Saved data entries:
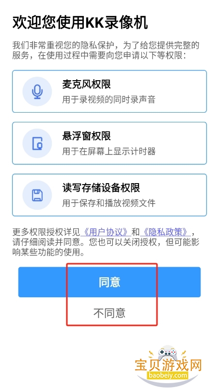 1、在本站下载安装KK录像机app,进入后我们同意KK录像机app的用户协议;
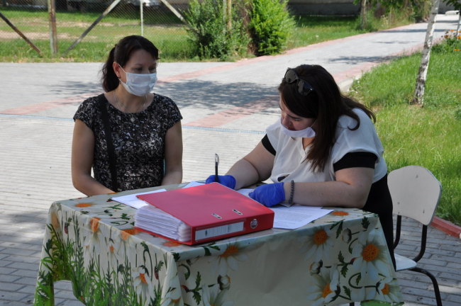 Больше половины семей школы № 4 выбрали продуктовые наборы. Их получали во дворе учебного заведения с соблюдением всех санитарных требований.
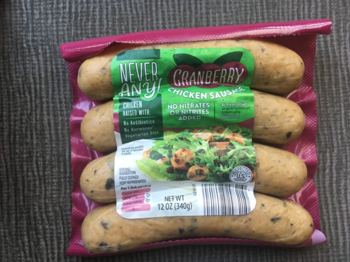 Aldi carries chicken sausage in a bunch of different flavors! I love keeping this around because it is precooked and will keep in the fridge for a few weeks. This chicken sausage is so easy just to cut, heat and together with pasta, rice or salad. My kids love it Plus it contains no nitrates and contains no hormones. It is also reasonably priced.
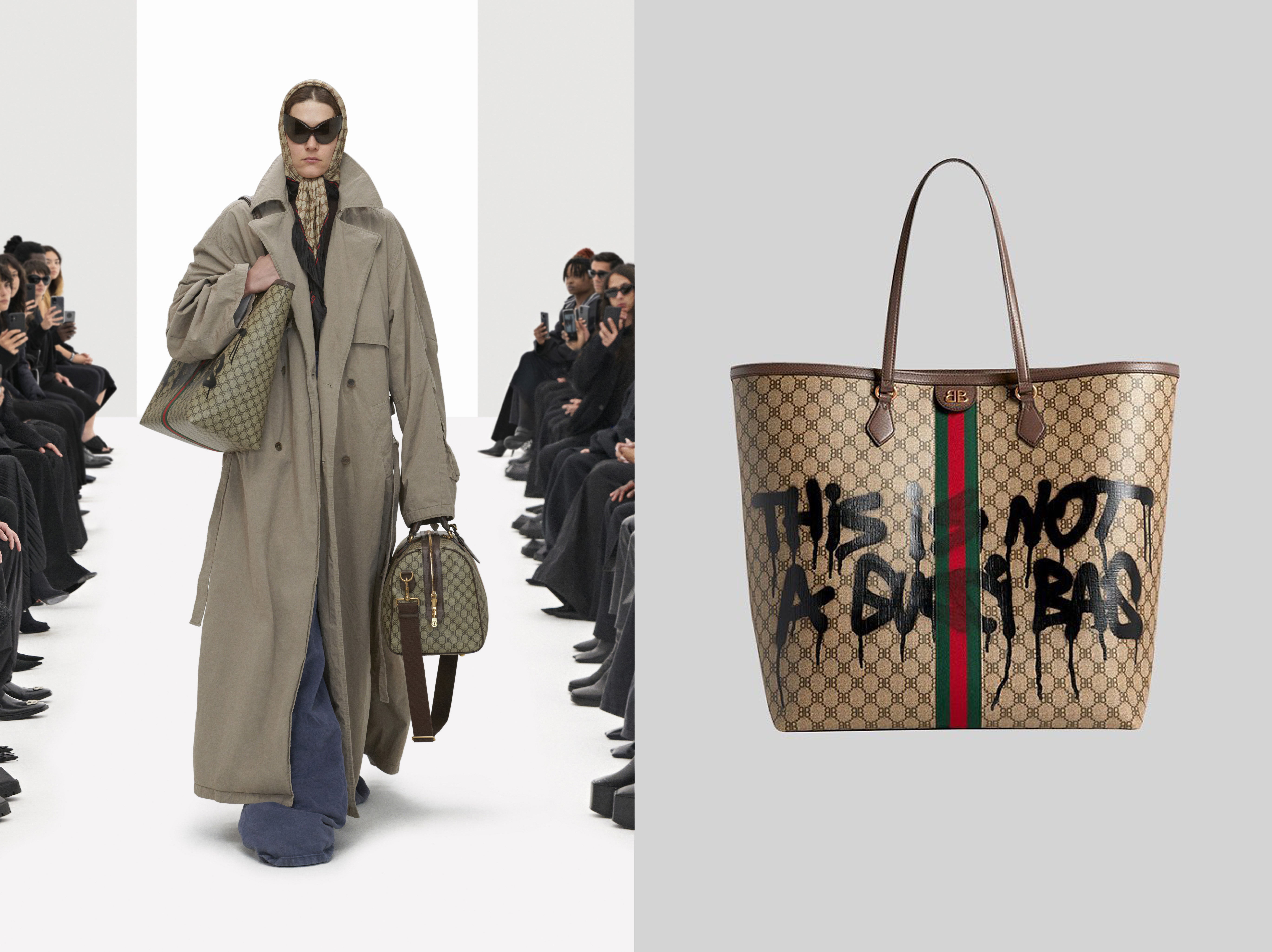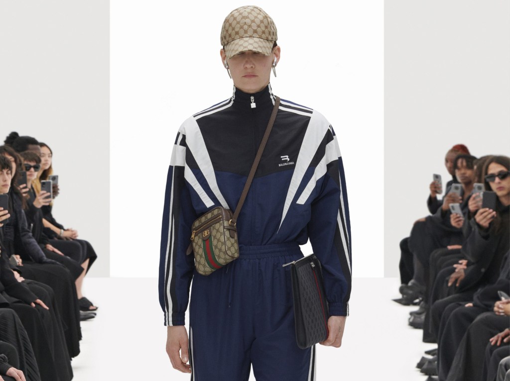 Also in this collection the mix of the aesthetic codes of the two brands returns, but this time the focal point is authenticity, counterfeiting, the appropriation of identity within the fashion system. The result of the hacking is highlighted above all on the accessories: bags, scarves and hats that replace the Gucci logo with the Balenciaga one.
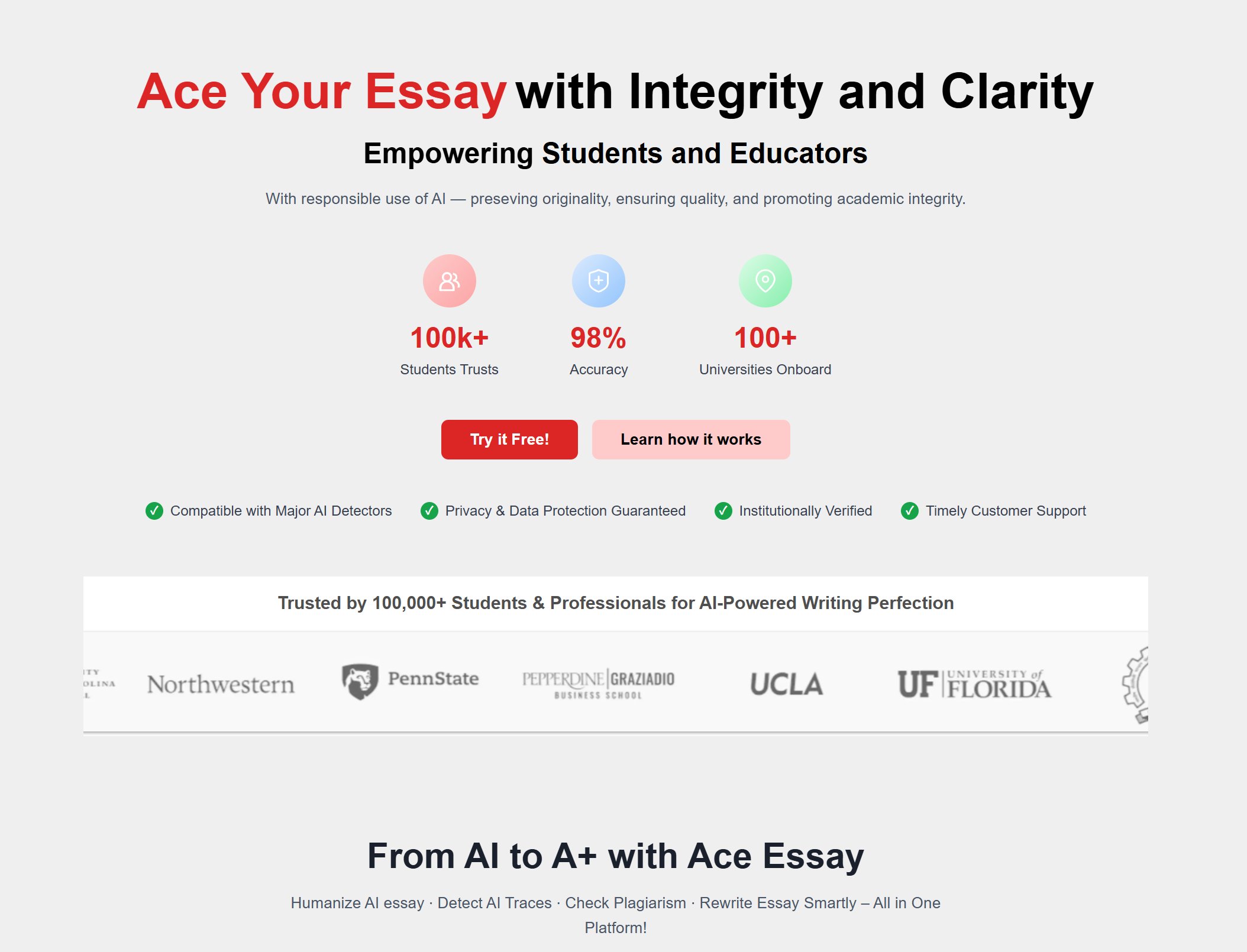 - Long-Form Content Support: AceEssay excels at handling long documents, such as essays, academic papers, and business reports, ensuring thorough analysis even for extensive texts.
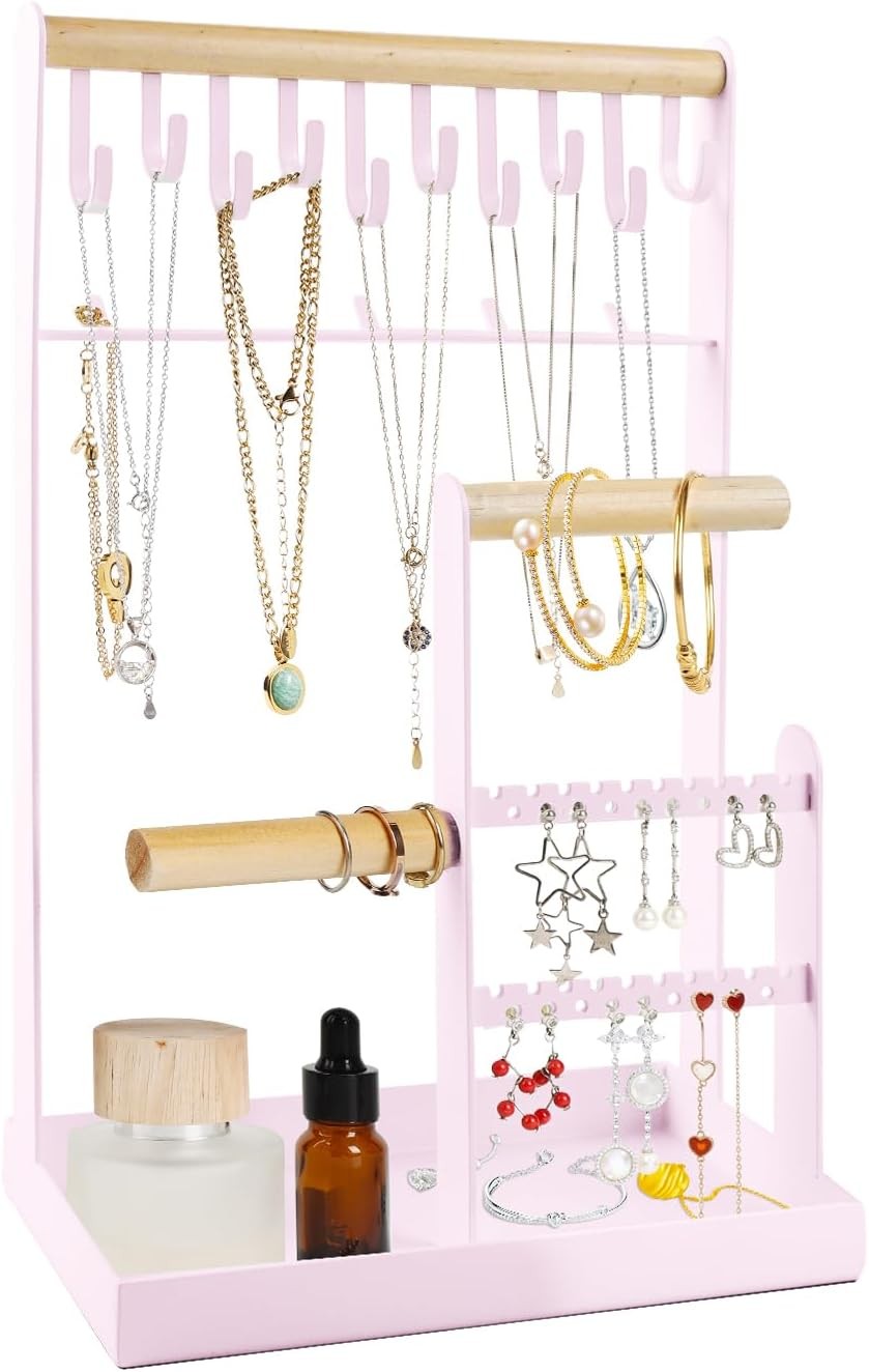 4-Tier Jewellery Organiser Stand – Earring Necklace Holder with Wooden Tray
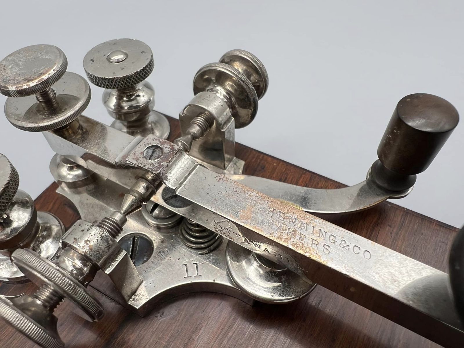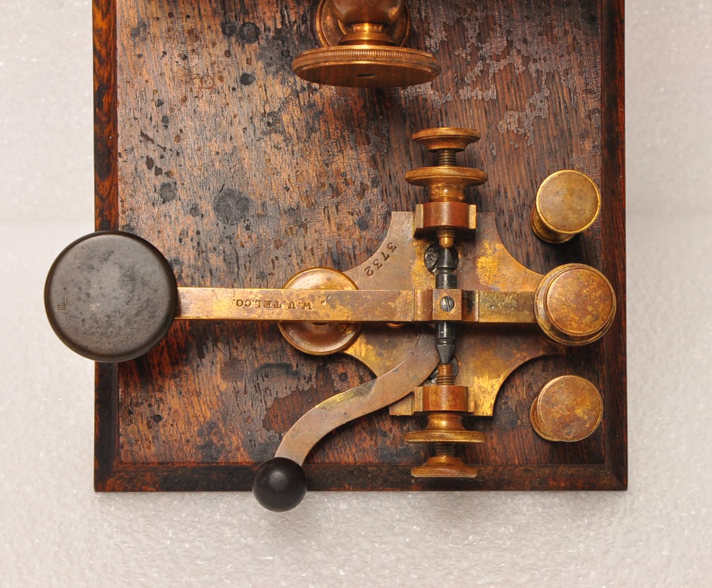 | J.H. Bunnell Practice Set, NY. Ca. Late 1880's | Fire Alarm KOB by Conrad-Young, Baltimore Md. Ca. 1880s | KOB by Rogers Electrical Works, New York. Ca. Late 1880's | A Close-Up of the Rogers KOB Showing the Unusual Lever Pivot |
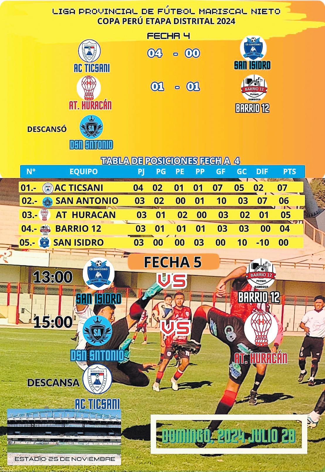 A una fecha para finalizar la Copa Perú Provincial en Mariscal Nieto, Ticsani lidera la tabla tras apabullar a San Isidro 4-0 en la provincial moqueguana. Este domingo descansan.

__TASK DIRECTIONS__. You need to copy every entry exactly, taking out only the pictures.

__FINAL ANSWER__.
 1、在本站下载安装KK录像机app,进入后我们同意KK录像机app的用户协议;
 Больше половины семей школы № 4 выбрали продуктовые наборы. Их получали во дворе учебного заведения с соблюдением всех санитарных требований.
 Aldi carries chicken sausage in a bunch of different flavors! I love keeping this around because it is precooked and will keep in the fridge for a few weeks. This chicken sausage is so easy just to cut, heat and together with pasta, rice or salad. My kids love it Plus it contains no nitrates and contains no hormones. It is also reasonably priced.
 Also in this collection the mix of the aesthetic codes of the two brands returns, but this time the focal point is authenticity, counterfeiting, the appropriation of identity within the fashion system. The result of the hacking is highlighted above all on the accessories: bags, scarves and hats that replace the Gucci logo with the Balenciaga one.
 - Long-Form Content Support: AceEssay excels at handling long documents, such as essays, academic papers, and business reports, ensuring thorough analysis even for extensive texts.
 4-Tier Jewellery Organiser Stand – Earring Necklace Holder with Wooden Tray
 | J.H. Bunnell Practice Set, NY. Ca. Late 1880's | Fire Alarm KOB by Conrad-Young, Baltimore Md. Ca. 1880s | KOB by Rogers Electrical Works, New York. Ca. Late 1880's | A Close-Up of the Rogers KOB Showing the Unusual Lever Pivot |
 A una fecha para finalizar la Copa Perú Provincial en Mariscal Nieto, Ticsani lidera la tabla tras apabullar a San Isidro 4-0 en la provincial moqueguana. Este domingo descansan.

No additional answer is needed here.